#### THE PROBLEM
Searching the material below, find each line that includes the word "delegados", and copy it.

#### RECORDS SHOWN

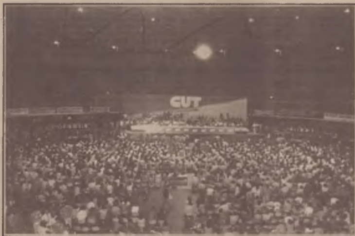
5.181 delegados presentes no Maracanãzinho

Na verdade, o II Congresso Nacional da CUT foi antes de tudo uma grande festa da classe trabalhadora, de demonstração da sua força e de sua unidade. Vencendo todas as dificuldades econômicas, 5.181 dos 6.517 delegados inscritos foram ao Congresso. De todos os cantos do país, de todos os ramos de atividade econômica: 1.860 do campo; 1.250 do setor de serviços; 991 de associações pré-sindi-
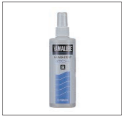
YAMALUBE エンジンガラスクリーナー (YAMALUBE ガラスコート)

90790-74054 300g(固形) ¥4,730(本体価格 ¥4,300) 90790-74055 500ml(液体) ¥2,200(本体価格 ¥2,000) 紫外線や雨、海水に強いFRP用つや出し剤。紫外線吸収剤を特殊配合しているため、海水に浸され、常に日光・風雨にさらされるボートには最高の効果を発揮します。船底、ハル等のツヤだし。各種艦装品、金属部分の防錆、ツヤだしにお使い下さい。(超微粒子コンパウンド入り)
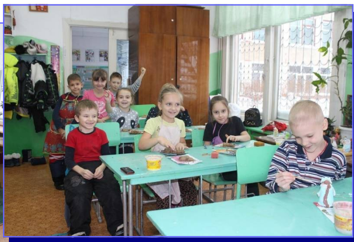
д\о «Природа и фантазия»
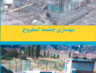
بهسازی چشمه اسفروچ

#### SOLUTION BELOW
5.181 delegados presentes no Maracanãzinho
Na verdade, o II Congresso Nacional da CUT foi antes de tudo uma grande festa da classe trabalhadora, de demonstração da sua força e de sua unidade. Vencendo todas as dificuldades econômicas, 5.181 dos 6.517 delegados inscritos foram ao Congresso. De todos os cantos do país, de todos os ramos de atividade econômica: 1.860 do campo; 1.250 do setor de serviços; 991 de associações pré-sindi-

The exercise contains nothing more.